Return exactly the lines of the data below, from the one that contains "Your heated sofa" through the final line, and leave out every picture.

• **Information provided**
▬▬▬▬▬▬

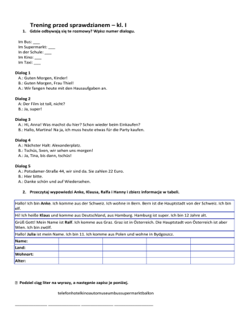 Trening przed sprawdzianem – kl. I 1. Gdzie odbywają się te rozmowy? Wpisz numer dialogu. Im Bus: ___ Im Supermarkt: ___ In der Schule: ___ Im Kino: ___ Im Taxi: ___ Dialog 1 A.: Guten Morgen, Kinder! B.: Guten Morgen, Frau Thiel! A.: Wir fangen heute mit den Hausaufgaben an. Dialog 2 A: Der Film ist toll, nicht? B.: Ja, super! Dialog 3 A.: Hi, Anna! Was machst du hier? Schon wieder beim Einkaufen? B.: Hallo, Martina! Na ja, ich muss heute etwas für die Party kaufen. Dialog 4 A.: Nächster Halt: Alexanderplatz. B.: Tschüs, Sven, wir sehen uns morgen! A.: Ja, Tina, bis dann, tschüs! Dialog 5 A.: Potsdamer-Straße 44, wir sind da. Sie zahlen 22 Euro. B.: Hier bitte. A.: Danke schön und auf Wiedersehen. 2. Przeczytaj wypowiedzi Anke, Klausa, Ralfa i Hanny i zbierz informacje w tabeli. Hallo! Ich bin Anke. Ich komme aus der Schweiz. Ich wohne in Bern. Bern ist die Hauptstadt von der Schweiz. Ich bin elf. Hi! Ich heiße Klaus und komme aus Deutschland, aus Hamburg. Hamburg ist super. Ich bin 12 Jahre alt. Grüß Gott! Mein Name ist Ralf. Ich komme aus Graz. Graz ist in Österreich. Die Hauptstadt von Österreich ist aber Wien. Ich bin zwölf. Hallo! Julia ist mein Name. Ich bin 11. Ich komme aus Polen und wohne in Bydgoszcz. Name: Land: Wohnort: Alter: Podziel ciąg liter na wyrazy, a następnie zapisz je poniżej. telefonhotelkinoautomuseumbussupermarktballon ______________ ______________ ______________ _________________ ______________ ______________ ______________ _________________ a. Jakie to wyrazy? Zapisz je. 1. 2. 3. 4. 5. ITAX – _______________________ NLETEOF – _______________________ IEIPLOZ – _______________________ ARPK – _______________________ LEOHT – _______________________ b. Może znasz jeszcze inne niemieckie słowa? Spróbuj je odczytad i zapisad. 1. 2. 3. 4. 5. LACO – _______________________ GERBURHAM – _______________________ PUCOMTER – _______________________ IKMUS – _______________________ NABANE – _______________________ Przyporządkuj godzinę i formę powitania lub pożegnania. 1. 8:30 a. Gute Nacht! 2. 19:00 b. Guten Morgen! 3. 12:00 c. Guten Abend! 4. 22:00 d. Guten Tag! Uzupełnij brakujące litery. 1. G__ten __ag! 6. G__t__ Nach__! 2. Au__ Wi__derse__en! 7. Gute__ M__rg__n! 3. Gr__ß di__h! 8. Ci__o! 4. H__! 9. __uten Ab__nd! 5. B__s dan__! 10. __all__! Co nie pasuje? Przekreśl. 1. Guten Tag! – Tschüs! – Hallo! 2. Bis dann! – Tschüs! – Guten Morgen! 3. Guten Abend! – Gute Nacht! – Guten Tag! 4. Hi! – Tschüs! – Hallo! 5. Auf Wiedersehen! – Tschüs! – Grüß dich! Jakiej odpowiedzi udzielisz na pytanie: Wie geht’s? Spójrz na buźki ( :-) ; :-() i wpisz odpowiednio do tabeli. Super! – Schlecht! – Toll! – Sehr gut! – Schrecklich! – Prima! – Nicht gut! Co nie pasuje? Przekreśl. 1. Hallo! – Auto – Guten Morgen! – Hi! 2. Es geht! – Danke! – Nicht schlecht! – So lala! 3. Hotel – Pizzeria – Polizei – Bis dann! 4. Super! – Grüß dich! – Prima! – Toll! 5. Tschüs! – Nicht gut! – Schrecklich! – Schlecht! Wpisując kolejny numer przy każdym zdaniu, utwórz dialog. ___ Wie geht es Ihnen, Frau Thiel? 1. Guten Tag, Frau Thiel! ___ Danke, Herr Dolle, gleichfalls! ___ Danke, Herr Dolle, super! ___ Guten Tag, Herr Dolle! ___ Einen schönen Tag, Frau Thiel! Uzupełnij wielką lub małą literę h. Następnie przeczytaj głośno wyrazy i podkreśl te, w których h jest nieme (nie wymawia się go). ze___n – ___otel – Auf Wiederse___en! – ___i! – Wie ge___t es dir? – Danke, ___err ___uber! – Se___r gut! – Powiedz to po niemiecku. 1. Jak spytasz koleżankę o samopoczucie? ________________________________________________________________________ 2. Jak przywitasz się o ósmej rano ze swoją nauczycielką, panią Weber? ________________________________________________________________________ 3. Jak odpowiesz swojemu nauczycielowi, panu Redelowi, gdy spyta cię o samopoczucie? ________________________________________________________________________ 4. Jak pożegnasz się ze swoją nauczycielką? ________________________________________________________________________ 5. Jak pożyczysz swojemu nauczycielowi miłego dnia? ________________________________________________________________________ 6. Jak spytasz swojego sąsiada, pana Thiela o samopoczucie? ________________________________________________________________________ W każdej grupie znajduje się inny rzeczownik, który nie pasuje do pozostałych. Przekreśl go. a. Park - Museum - Tag - Hotel b. Abend - Tag - Nacht - Telefon c. Schmidt - Frau - Dretzke - Schulz Jak ci się wydaje, które z imion twoich rówieśników z Niemiec to imiona dziewcząt, a które chłopców? Zaznacz: M jak Mädchen (dziewczynka), lub J jak Junge (chłopiec). 1. Andreas ____ 6. Marko ____ 2. Andrea ____ 7. Holger ____ 3. Julia ____ 8. Heidi ____ 4. Julian ____ 9. Rudi ____ 5. Miriam ____ 10. Rosi _____ Zaznacz znakiem X w tabeli możliwe dokooczenie zdania. Ich heiße … Ich bin … Ich komme … Ich wohne … Melanie Thiel. in Warschau. aus der Schweiz 12 Jahre alt. Florian. in der Schweiz. zehn. Uzupełnij h lub ch. Pamiętaj o wielkiej i małej literze. Auf Wiederse___en! – s___reckli___ – Österrei___ – ni___t gut – Sara___ – viellei___t – Wie ge___t es dir? – se___r gut – glei___falls Napisz poprawnie zdania. 1. ichheißekatharina _______________________________________________________ 2. wiegehtesdir?___________________________________________________________ 3. ichwohneinderschweiz____________________________________________________ 4. ichbinkaroline___________________________________________________________ 5. ichkommeausösterreich___________________________________________________ Która odpowiedź pasuje? Zaznacz znakiem X w tabeli. Wie alt bist du? Woher kommst du? Wo wohnst du? Wie heißt du? Aus Hamburg. Ich bin Anna. 10. Ich komme aus Berlin. Karin Thiel. Ich bin aus Warschau. In der Schweiz. Ich bin elf. Ich woh
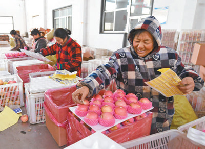 村民正在山東省蒙陰縣宗路果品專業(yè)合作社進行水果裝箱。由于“四好農(nóng)村路”的建設(shè),當?shù)剞r(nóng)產(chǎn)品終于可以通過公路走出大山了。
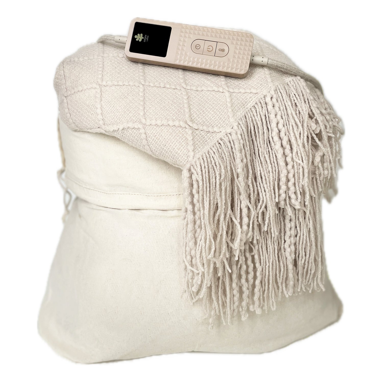 Your heated sofa blanket comes with a matte taupe controller with a natural linen cord.
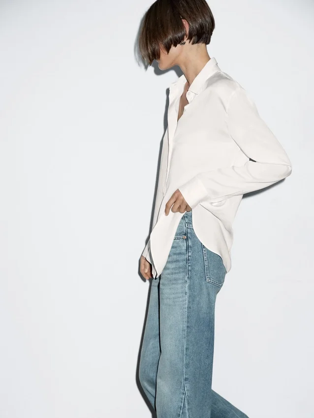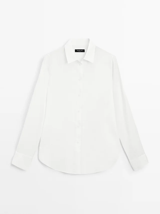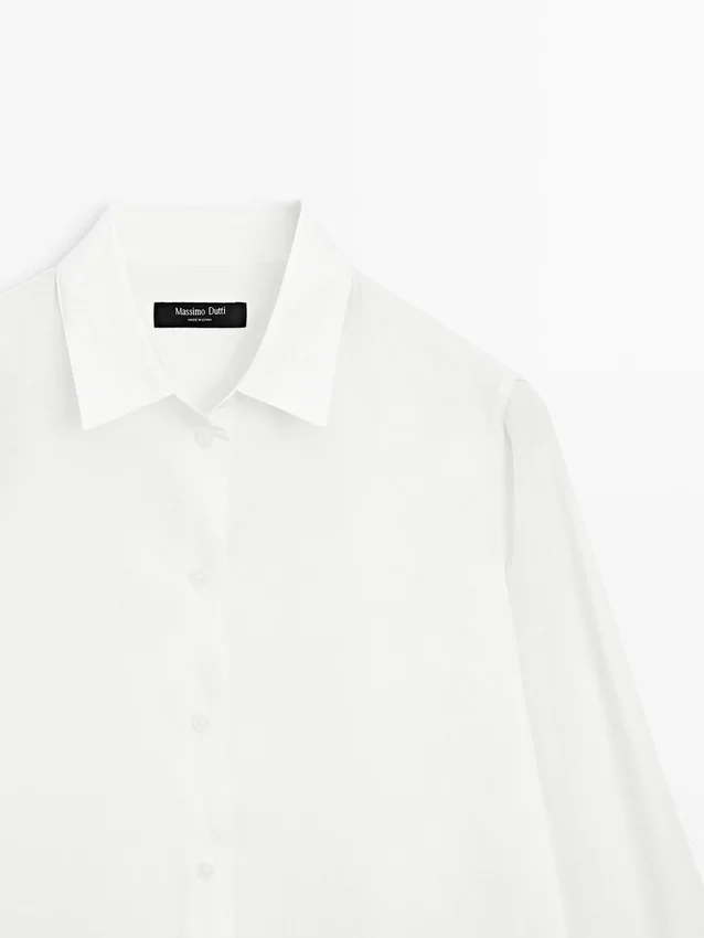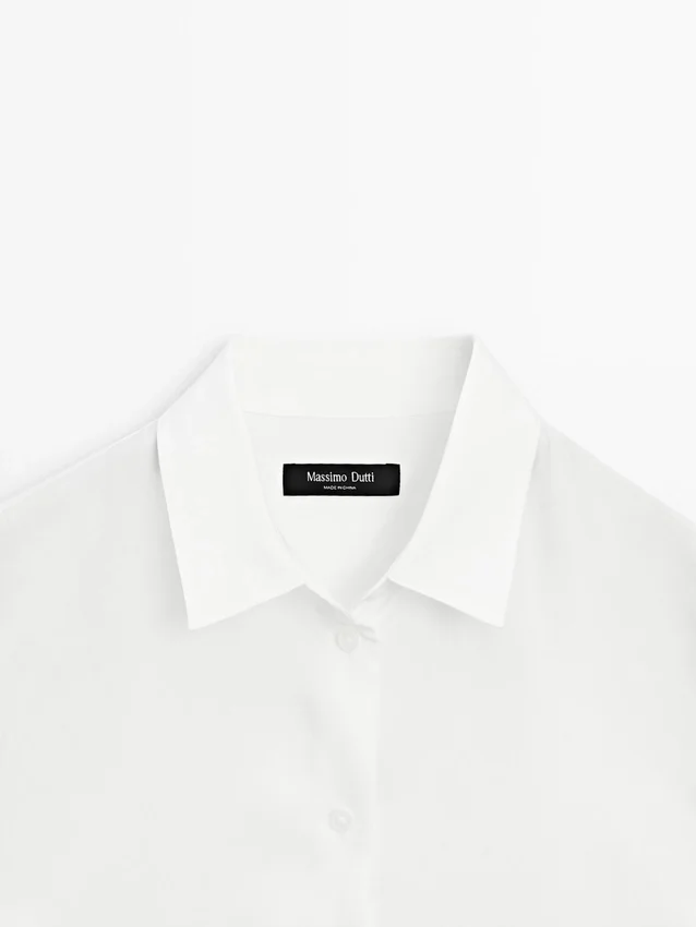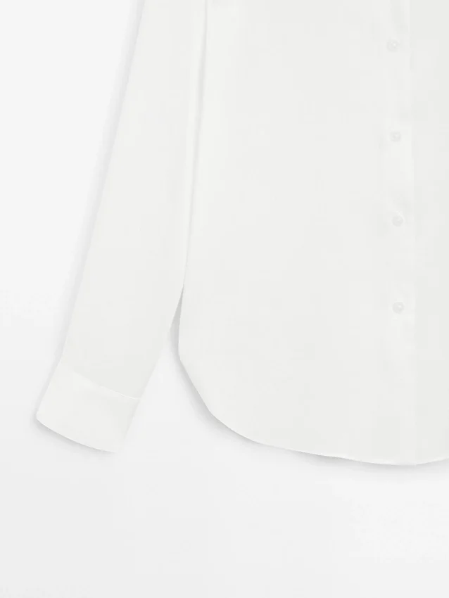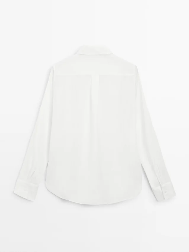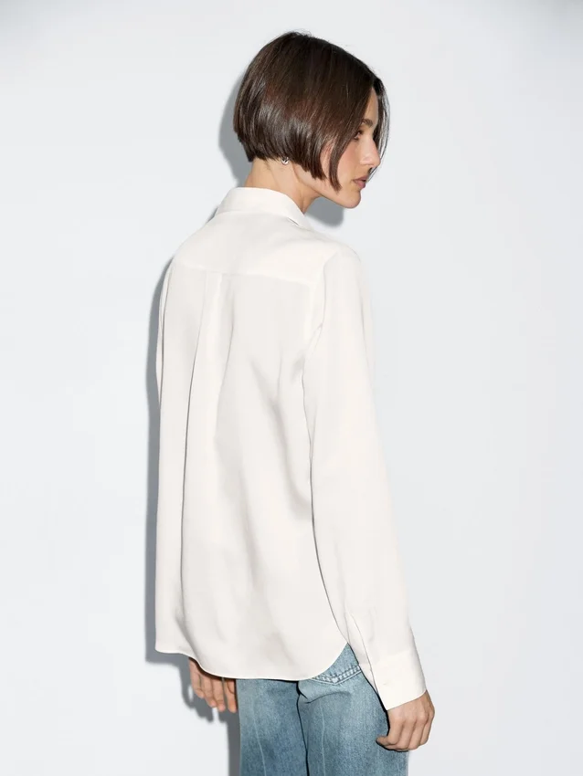 Soepelvallend overhemd. Lange mouwen met knoopsluiting aan de manchetten. Overhemdkraag. Knoopsluiting aan de voorkant. Plooidetail aan de achterkant.Samenstelling

▬▬▬▬▬▬

• **Problem solution**
 Your heated sofa blanket comes with a matte taupe controller with a natural linen cord.
 Soepelvallend overhemd. Lange mouwen met knoopsluiting aan de manchetten. Overhemdkraag. Knoopsluiting aan de voorkant. Plooidetail aan de achterkant.Samenstelling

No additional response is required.